Summary. The paper introduces Output Generation Capacity (OGC) as a formal measure of an LLM agent's effective output production ability (distinct from raw context window size), proves a Format-Cost Separation Theorem establishing that deferred template rendering is at least as token-efficient as direct generation for formats with overhead multiplier μ_f > 1, and formalizes Adaptive Strategy Selection to choose among direct, chunked, or deferred strategies based on the estimated output cost to OGC ratio. Controlled experiments across Claude 3.5 Sonnet, GPT-4o, and Llama 3.1 70B on four document types, plus an ablation, report 48-72% token reductions and complete elimination of output stalling, instantiated in the open-source GEN-PILOT MCP server.

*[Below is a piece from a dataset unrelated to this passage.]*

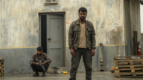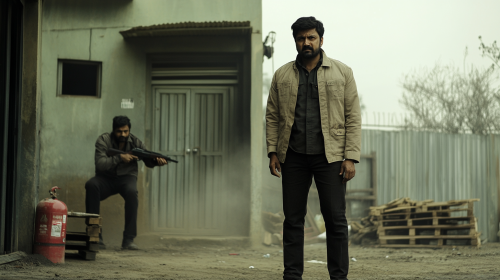 Two South Indian men in an outdoor setting, with at least 10 meters of distance between them. The man in the foreground is standing and looking straight ahead. He is wearing black pants and a beige jacket over a shirt, positioned in front of a gray building that has a door and a window. A little dust floats in the air around him. In the background, near the door, a second man is crouching down and aiming gun towards the first person and looking him intently. The color palette should feature olive green and light brown shades. There is a fire extinguisher mounted on the building's wall, and a pile of wooden pallets on the ground nearby. The ground is covered in dirt, with a fence in the distance. The atmosphere is rugged and slightly dusty. --ar 16:9

Significance. If the theorem holds under the stated assumptions and the empirical savings generalize beyond the tested conditions, the framework could meaningfully improve reliability of LLM coding agents for large document synthesis by reducing token usage and preventing silent failures. The open-source implementation and multi-model validation are concrete strengths that would allow direct adoption and further testing.

major comments (3)

[Theorem statement and proof] The Format-Cost Separation Theorem is presented as a general proof with tight bounds on savings, but the manuscript provides no derivation steps, explicit assumptions on μ_f, or mathematical details (e.g., how the overhead multiplier enters the token accounting), making it impossible to verify whether the claimed 48-72% reductions follow directly or require additional fitted parameters.
[Adaptive Strategy Selection and Experiments] The central empirical claim of 48-72% token savings and complete stalling elimination depends on accurate real-time OGC estimation to select the optimal strategy, yet the manuscript does not specify the OGC computation algorithm from context state, its sensitivity to context dynamics, or any accuracy metrics/error bars from the ablation study.
[Experimental results] Table or results section reporting the 48-72% savings across three models and four document types lacks exclusion criteria, variance measures, and confirmation that the Format-Cost Separation Theorem's overhead multiplier applies without exception to the formats tested, undermining assessment of whether the gains reduce to the paper's own equations.

minor comments (2)

[Abstract] The abstract states 'consistent 48-72% savings' without referencing the specific table or figure that aggregates these numbers across conditions.
[Definitions] Notation for OGC and μ_f is introduced but not cross-referenced to the exact equations in the theorem statement.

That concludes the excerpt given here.